Российские поправки в принципе повторяют франко-германскую последовательность, хотя еще больше ужесточают требования к Киеву. Так в кластере В предлагается «взаимный обмен письменными замечаниями и предложениями ОРДЛО и Украины», а также одобрение этой карты Верховной радой, президентом Украины и «де-факто существующими представительными органами власти ОРДЛО». В остальных кластерах оговаривается необходимость согласования с представителями ОРДЛО и Конституции, и законов Украины, включая актуальнейший закон, регулирующий деятельность народной милиции непризнанных республик. Иными словами, инсургенты вводятся в процесс разработки «Дорожной карты» преодоления конфликта как полноценная сторона переговоров.

Причем не как сторона «из милости», а как субъект, имеющий за собой реальную силу. Потому что в поправке к кластеру Е (пункт 2) украинские силовики вообще не упоминаются, а «общественный порядок и безопасность в ОРДЛО должны поддерживаться народной милицией ОРДЛО при мониторинге СММ ОБСЕ согласно ее мандату».

Украинская версия, под названием «Ключевые кластеры имплементации Минских соглашений», предлагает свою, отличную от франко-германской и тем более российской, последовательность действий. Там основной приоритет отдается проблемам развода войск, разминирования, вывода иностранных вооруженных формирований, «пребывание которых на территории Украины не предусмотрено законодательством Украины», и разоружению всех незаконных групп/формирований в соответствии с законодательством Украины. Последнее, скорее всего, и является главным.

По украинским законам отряды сепаратистов являются именно незаконными вооруженными формированиями, в отличие от милитарных националистических групп, давно находящихся под опекой украинских силовиков. На протяжении кластеров С, D и Е отряды инсургентов разоружаются, но становится непонятно, кого подразумевают в кластере Е (пункт 6), говоря о том, что «общественный порядок и безопасность в ОРДЛО поддерживается совместными патрулями в составе сотрудников правоохранительных органов Украины и граждан Украины из ОРДЛО, вооруженных стрелковым оружием с участием и при посредничестве СММ ОБСЕ». Ведь отряды «народной милиции» должны быть разоружены четырьмя пунктами выше.

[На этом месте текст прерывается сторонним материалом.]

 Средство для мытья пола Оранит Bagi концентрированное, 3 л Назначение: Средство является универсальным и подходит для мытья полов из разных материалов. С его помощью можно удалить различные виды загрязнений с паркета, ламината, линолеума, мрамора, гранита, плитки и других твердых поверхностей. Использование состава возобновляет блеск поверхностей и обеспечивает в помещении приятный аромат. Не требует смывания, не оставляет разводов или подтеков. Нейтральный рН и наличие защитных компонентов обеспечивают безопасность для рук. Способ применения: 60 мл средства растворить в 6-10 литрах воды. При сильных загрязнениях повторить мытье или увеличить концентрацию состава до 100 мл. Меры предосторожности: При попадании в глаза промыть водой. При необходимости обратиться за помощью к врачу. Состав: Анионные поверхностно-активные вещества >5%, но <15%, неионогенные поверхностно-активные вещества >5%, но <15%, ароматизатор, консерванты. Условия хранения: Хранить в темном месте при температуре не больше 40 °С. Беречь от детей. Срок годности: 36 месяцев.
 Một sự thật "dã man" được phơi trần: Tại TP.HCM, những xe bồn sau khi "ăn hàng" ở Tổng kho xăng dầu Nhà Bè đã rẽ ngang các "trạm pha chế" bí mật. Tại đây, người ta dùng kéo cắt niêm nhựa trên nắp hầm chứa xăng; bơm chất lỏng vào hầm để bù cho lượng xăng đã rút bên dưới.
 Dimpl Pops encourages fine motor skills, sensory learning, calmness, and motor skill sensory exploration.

То есть целью Украины является разоружение (=военная капитуляция) ее политических противников под некие обещания политического урегулирования в дальнейшем. И произойти это должно даже не после местных выборов, которые могут дать хотя бы какую-то гарантию противникам майданного Киева, а на политическом этапе «принятия постановления Верховной рады Украины о назначении местных выборов в ОРДЛО». Хотя многие до сих пор помнят, что на местных выборах 2020 года жители 18 территориальных общин Донецкой и Луганской областей на подконтрольной правительству территории были лишены возможности голосовать. В военной истории такие действия всегда называлось «сдача на милость победителя».

Если бы Киеву удалось добиться такой «сдачи» противника, то основная цель предложенных «кластеров» — контроль над украино-российской границей — достигалась бы уже без каких-либо проблем. И не зря в киевской версии «кластеров» предлагается «восстановление Украиной полного контроля над государственной границей как условия для проведения местных выборов в ОРДЛО Украины» (кластер F).

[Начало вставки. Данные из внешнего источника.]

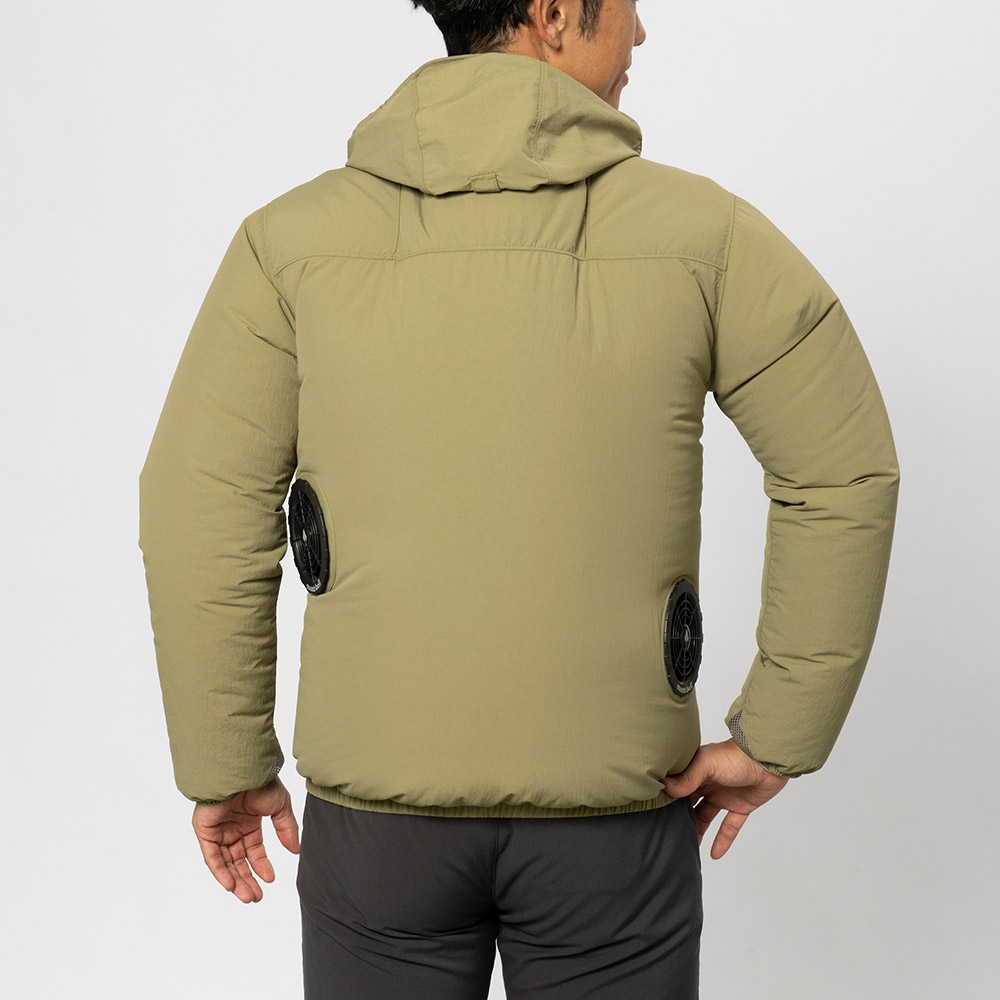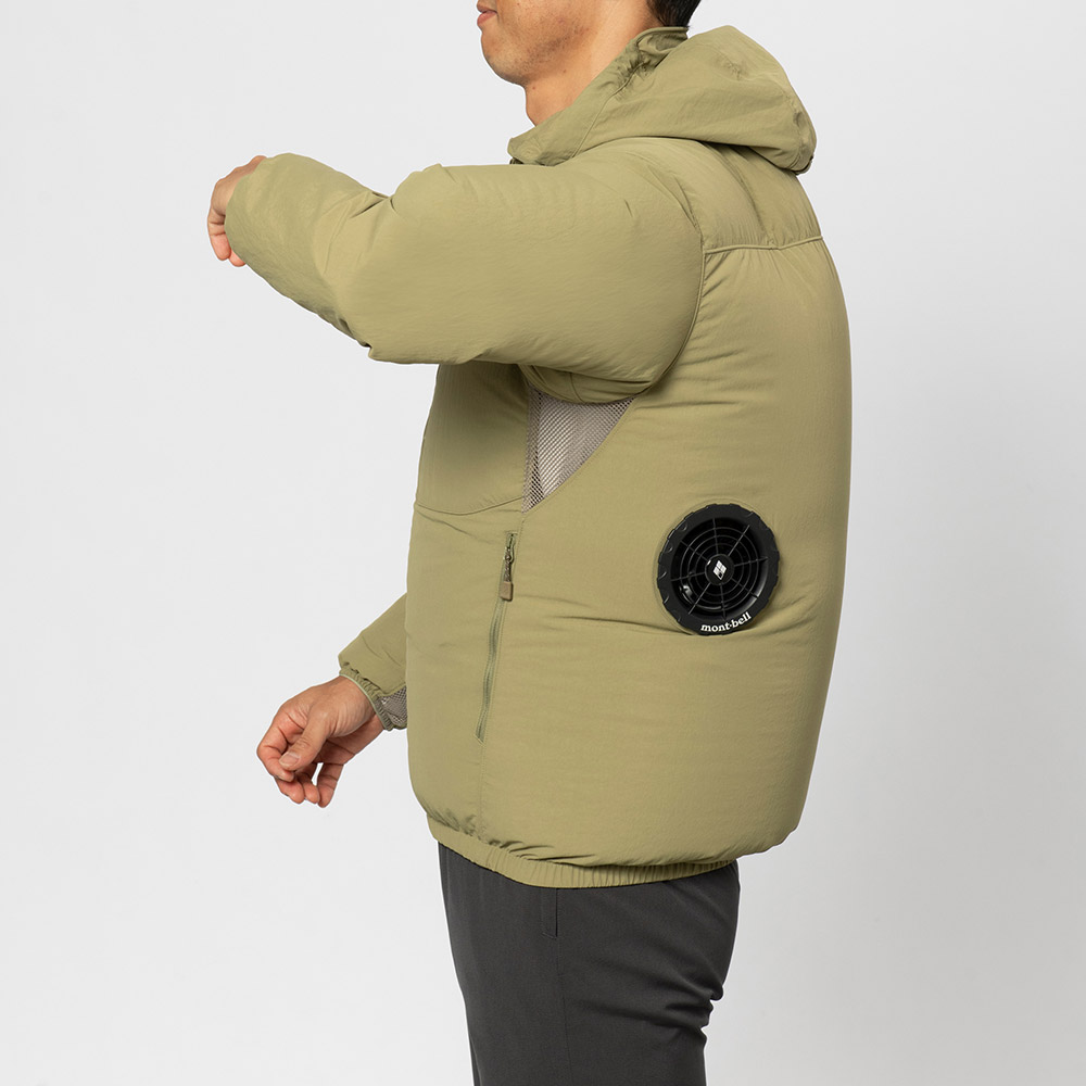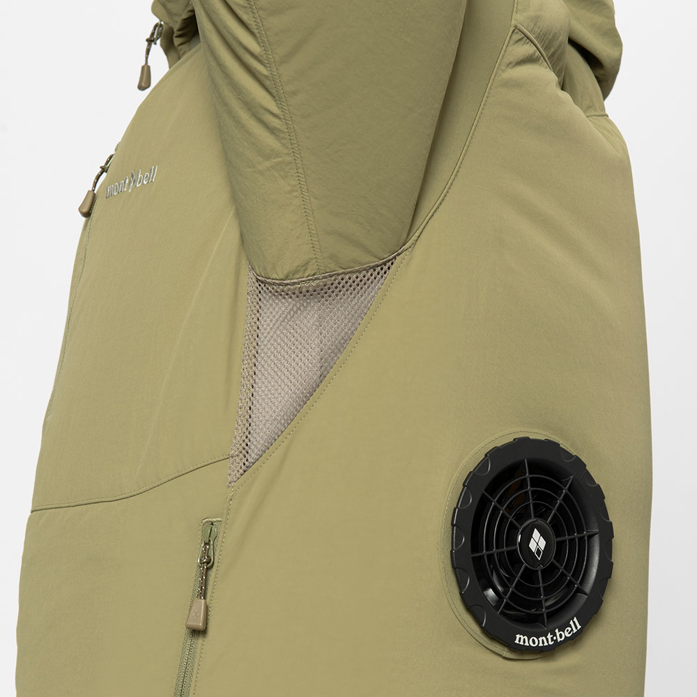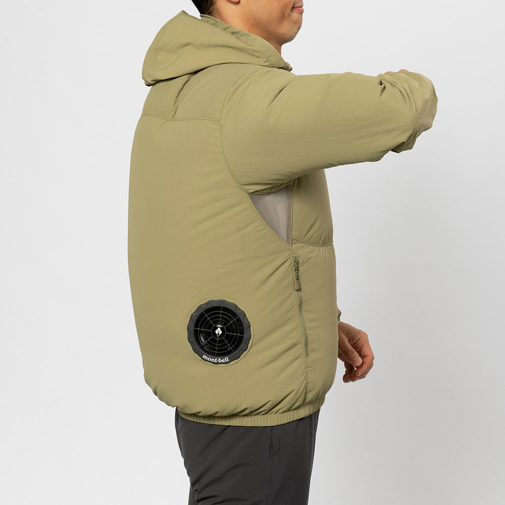 コットンのような風合いの生地の、暑い時季のアクティビティなどで活躍するファンとバッテリーが取り付けられるパーカです。ファンが汗の気化を促進し快適に過ごすことができます。左右非対称に取り付けられるファン(#1132244)は小型バックパックを背負った際にショルダーベルトと干渉しにくい位置にあります。取り外し可能なフードが付き、被ることで日差しを遮りながら頭部にも風が通るようになります。ファンを使用しないときには取り付け穴にベルクロで装着できるカバーが付属し、ウインドシェルとしても使用できます。

Но следует отдавать себе отчет: как бы ни относиться к лидерам непризнанных республик, но факт налицо: в регионе за 7 лет сформировались пусть квази-, но государственные образования, со своей элитой, своими интересами и своими желаниями. А также с двумя почти полноценными армейскими корпусами, обильно обеспеченными российскими поставками. И военная история этих квазигосударств: Изваринский котел, Иловайский котел, Дебальцевский котел — пока не дает основания для уныния сепаратистским лидерам. Поэтому в случае «прохождения» украинской версии кластеров можно быть уверенным новом противостоянии с пассионариями Донбасса. Того самого «Донбасса», которого в сознании новой иконы стиля украинской политики, секретаря СНБОУ, юрист-ветеринара Алексея Данилова «не существует».

Принять же иную версию, даже германо-французскую, Киев не в состоянии по двум причинам. Во-первых, в офисе президента прекрасно понимают, что согласие на представление столь широкой автономии Донбассу неизбежно повлечет за собой широкий «парад автономий» даже не на окраинах, но и в центре страны, где на последних местных выборах значительно усилили свои позиции не парламентские, а именно местные партии.

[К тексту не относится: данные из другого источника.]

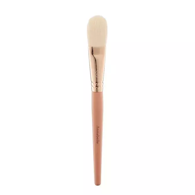 Annabelle Minerals - štěteček z měkkých syntetických štětin, zploštělý do tvaru jazyka, určený k aplikaci make-upu. Umožňuje nanášet přípravek na těžko přístupná místa bez šmouh a skvrn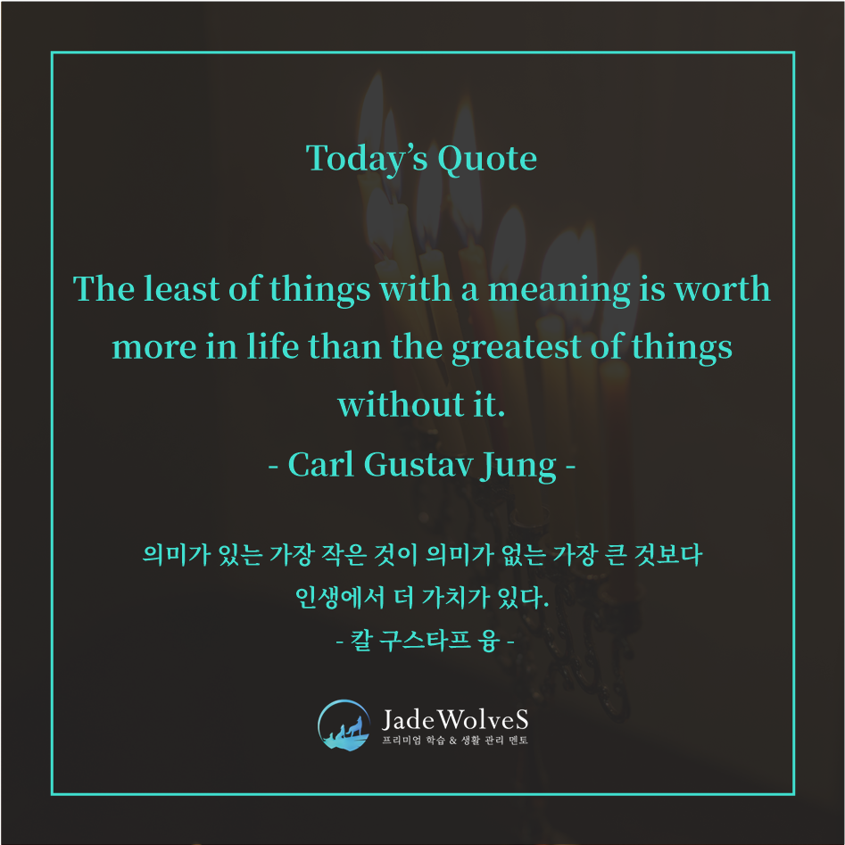 분석심리학의 개척자인 칼 구스타프 융은 스위스 출신 의학자이다. 그는 어릴 적 목사의 아들로 태어나 가업을 이어받지 않고 취리히 대학교에서 의학 공부를 하였다. 그는 프로이트와 함께 연구하며 아들러의 사회심리학의 중요성도 인식하며 분석심리학의 기초를 다져갔다. 그리하여 내면의 무의식이 모여 하나의 개체가 되어 자기 원형의 초월적 기능을 한다고 주장하였다. 그의 말처럼 작은 일이라도 의미가 있다면 무의식에 큰 영향을 미친다고 여겼고 작은 일도 중요한 의미를 담으라고 말한 건 아닐까.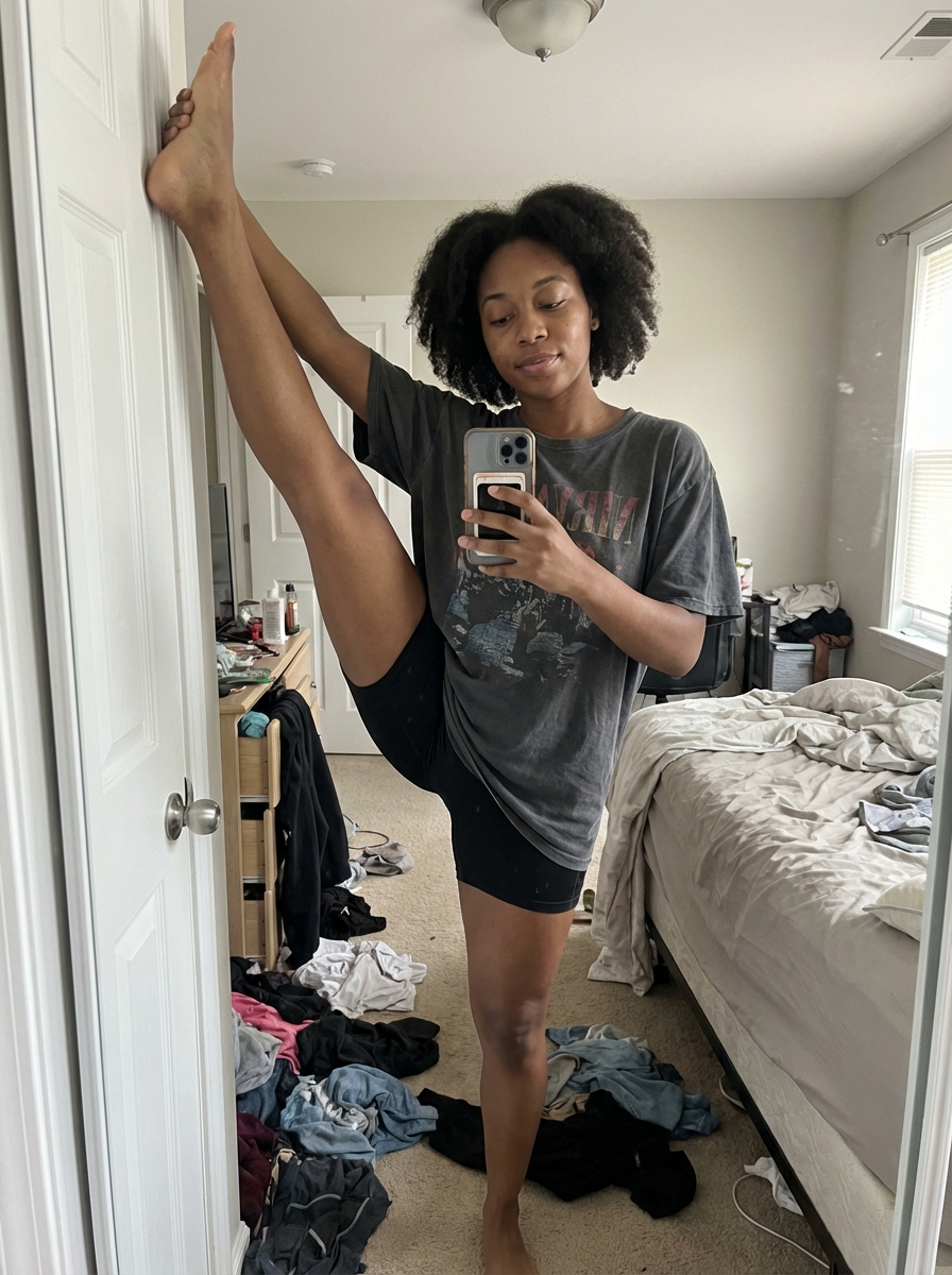 {"intent": "Generate a photorealistic, high-fidelity mirror selfie of a young model performing an athletic pose in a naturally messy bedroom. Preserve all facial features strictly from the reference portrait provided.", "frame": {"aspect_ratio": "9:16 vertical", "composition": "Full-body mirror selfie with the subject centered. The frame captures both the pose and the surrounding room clutter in a natural social-media style.", "style_mode": "raw_lifestyle, candid_mobile_photography, authentic_selfie"}, "subject": {"identity": "Use the exact face, hair, and physical traits from the reference influencer image. No changes to facial structure.", "hair": "match reference image; natural, loose, slightly unstyled appearance", "wardrobe": {"top": "loose, comfortable t-shirt with a simple cute graphic", "bottom": "basic athletic shorts"}, "makeup": "minimal, natural, everyday look", "pose": "vertical standing split performed in front of a mirror, holding a smartphone in one hand to capture the selfie. One leg is raised upward along the door frame, body balanced on the other leg.", "expression": "relaxed, genuine, casual expression as if capturing a spontaneous moment"}, "environment": {"location": "lived-in personal bedroom", "architecture": "plain residential interior with light walls and a standard door frame", "props_and_details": ["clothes scattered loosely on the floor", "unmade bed with creased sheets", "cluttered surfaces such as dresser or chairs", "small household items adding to the realistic casualness"], "atmosphere": "unfiltered, cozy, naturally messy"}, "lighting": {"type": "soft naturalistic indoor lighting", "source": "daylight coming through a nearby window mixed with ambient room light", "color_temperature": "neutral, around 4500K", "shadows": "soft, low-contrast shadows consistent with natural home lighting", "contrast": "balanced, keeping both subject and messy room visible"}, "camera": {"sensor_format": "mobile phone main camera simulation", "lens": "wide-angle ~24mm equivalent", "aperture_depth_of_field": "shallow enough to keep subject sharp while softly blurring background clutter", "camera_position": "handheld at eye level in mirror reflection", "shutter_speed": "fast enough to freeze motion", "iso": "low noise, clean image"}, "negative": {"content": ["no heavy makeup", "no stylized editorial look", "no clean or minimalist room", "no dramatic lighting", "no studio environment"], "style": ["no excessive smoothing", "no plastic skin look", "no glam filter", "no artificial airbrush effects"]}}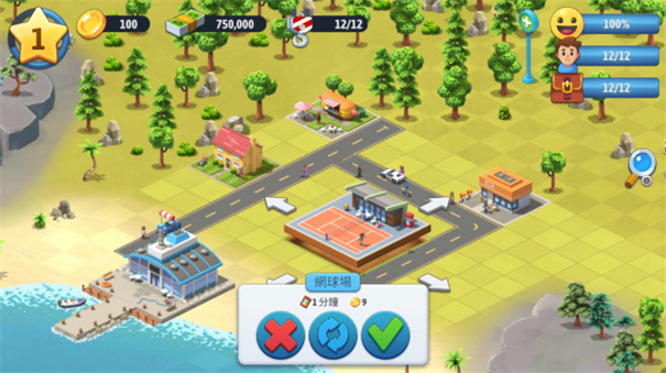特殊设施如网球场需要相邻配置休息区才能生效,系统会通过气泡提示优化建议,长按设施可查看详细收益公式。

Во-вторых, так и не изжитая командой Зеленского «боязнь улицы». Радикальные активисты уже не раз чертили перед Зеленским некие «красные линии», за которыми всё — зрада! Это происходило даже перед отъездом еще очень молодого Зеленского-президента на саммит Норманди.

Всё это вместе взятое создает в отношении «кластерных версий ощущение тупика: назад идти не стоит, а впереди стена. И не исключено, что этим «тупиком» довольны все в нормандском формате. Ведь Берлину и Парижу нужен политический драйв. В ковид-апокалиптической Европе отчетливо нарастает борьба за лидерство, нарастает систематическое взаимодействие между государствами-членами и относительная маргинализация институтов ЕС. Как недавно уныло заметил бывший премьер-министр и бывший министр иностранных дел Швеции, сопредседатель Европейского совета по международным отношениям Карл Бильдт, «сам ЕС по большей части исключен из этих обсуждений его государствами-членами — тенденция, которая становится всё более очевидной». В таких условиях странам необходимо постоянно акцентировать свое значение, и модерирование преодоления конфликта на восточном фланге ЕС — прекрасный формат такого акцентирования.

Россия, повторюсь, может быть полностью удовлетворена постулатами Минска-2, и ее задача — не допустить никаких модификаций. Что по определению делает ее заинтересованной в «тупике кластеров».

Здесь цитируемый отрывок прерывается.